Daily Report 231014 2014-10-23

Macro Economy
In domestic market, a number of important data is released yesterday. Specifically, the value of industrial output rises by 8% on year-on-year basis. The figure is higher than that of last term, but it is still the second lowest in the past five years. Investments in both fixed assets and real estate remain the previous downward trend. Private fixed assets investment increases 18.3% on year-on-year basis, which is the record-low growth rate. Nominal total retail sales of consumer goods continue dropping due to the decline of CPI. The real growth rates for the last two months are extremely low when eliminating the impact of price. The consumption is at a relatively low level as well. The accumulated GDP growth rate from January to September is 7.4% while the rate for Q3 is 7.3%. The GDP remains growing for the first 3 quarters this year, with its growth rate close to the target 7.5%. It can be seen that the economy tends to be positive resulting from the impact of reform and directional easing policy. However, domestic demand will not be improved before the problems of industrial restructuring and financing for middle and small sized enterprises are solved. On the whole, there is still rather heavy pressure for the economy.  

Domestic gold continues rallying in the night session. It is believed the gold is likely to rise for the short term as 10-day moving average crosses above the 20-day moving average. As for the operations, previous long positions opened against the 5-day moving average at RMB 245 could be held. Stop-profit should be set at RMB 247.5 and RMB 249.5 respectively. Stop-loss should be set at RMB 244.5. The U.S. stocks rebounds due to the improvement of the U.S. existing home sales and the rally of financial reports of U.S. enterprises. Besides, it is expected that the ECB will purchase the corporate debt from the secondary market in December. As a result, the Euro rallies slightly. Both of the USD index and the gold grow. However, it would be negative for the gold if the U.S. stocks and USD index increase after pullback. In terms of the funds, the gold ETF funds are not holding an optimistic view toward the gold. The U.S. CPI in September will be released today. Low crude oil price will keep the inflation at a relatively low level and provide opportunities for the Fed to remain interest rate low. There might be space for gold the rebound. On the whole, the gold may merely offset part of the previous decrease for the short term. The weak trend of gold is barely likely to reverse for middle term.
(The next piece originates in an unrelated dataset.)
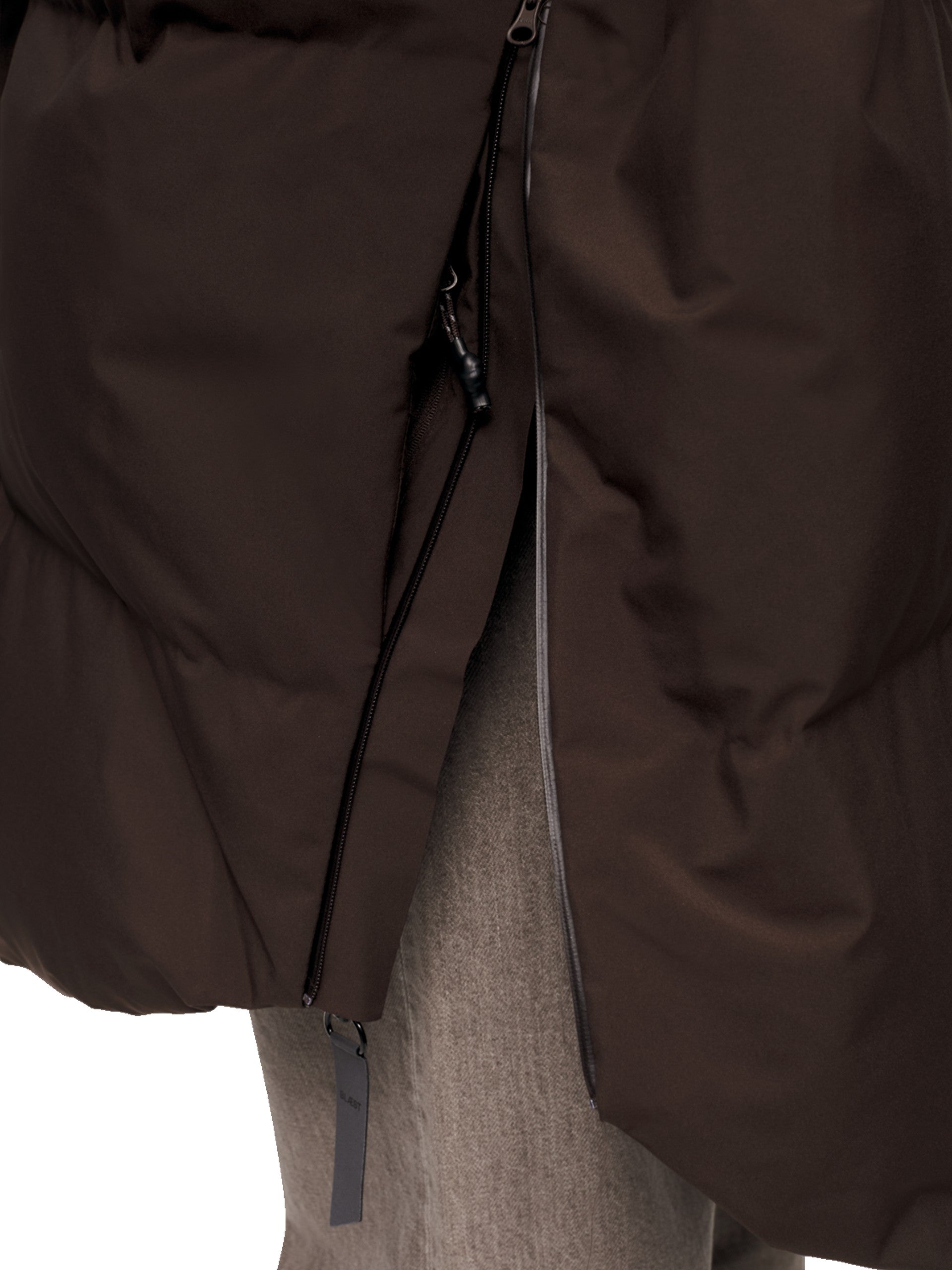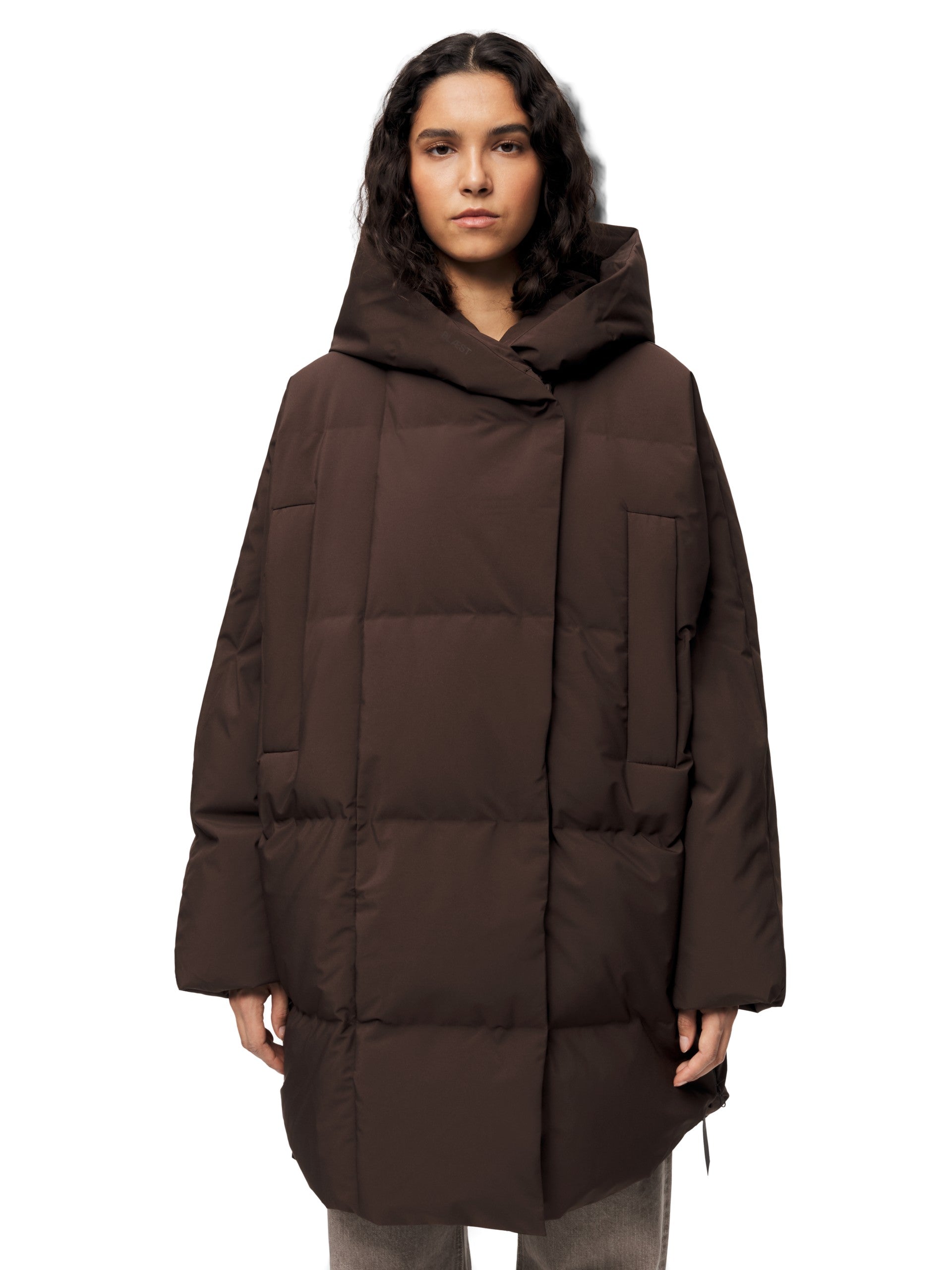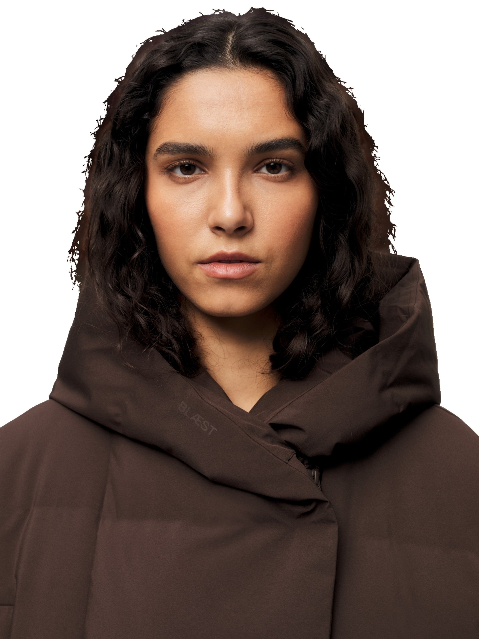 Stilig vinterjakke med oversized passform og deilig hette fra Blæst. Her i trendy brun. Modellen er rett med tøff buet hem og praktiske glidelås-splitter i sidene. Jakken har lett dunfyll av ypperste blanding, fylt i brede kanaler. Den har vanntett skall med teipede og forseglede sømmer. Jakken er lett i vekt og fantastisk behagelig, god og varm. Jakken har praktisk toveis glidelås i front og bred stormklaff. Behagelige lycra-mansjetter og elastikk langs hem. Den har to stikklommer i over brystet, to ved hoftene, samt en innerlomme. Det medfølger et stilig ton-i-ton belte for å gi jakken en mer feminin silhuett. Beltet har en egen lomme som gjør det enkelt å ta det på og av.

Domestic silver rebounds following the gold in the night session. The silver stands on the 20-day moving average in the short term, but it is still been trapped in the correction region from RMB 3880 to RMB 3780. As for the operations, previous long positions opened at RMB 3830 could be held and defensive moves should be prepared at RMB 3810. The performance of silver at RMB 3850 during the intraday trading should be focused. Recently, the rallying momentum of silver is weaker than that of gold. The impact of those U.S. assets on silver is relatively small, indicating the character of weak metal. The silver is still following the trend of gold closely and it is difficult for the silver to get out of the trend independently.

Stock Index
Stock index fluctuated and dropped due to the selling of positions yesterday. The data released yesterday are basically in accordance with expectation. Therefore, there is no obvious impact toward the market. China’s economy is rather weak, but the hard-landing is not likely to take place. Micro stimulating policy and directional easing policy will continue to adopt. However, the subscription for 12 new stocks will kick off from tomorrow to next Monday. The funds are under pressure in the short term, which is regarded as the major factor to drag down the stock index. The fluctuation of stock index may remain. Investors should watch out for the pullback risk.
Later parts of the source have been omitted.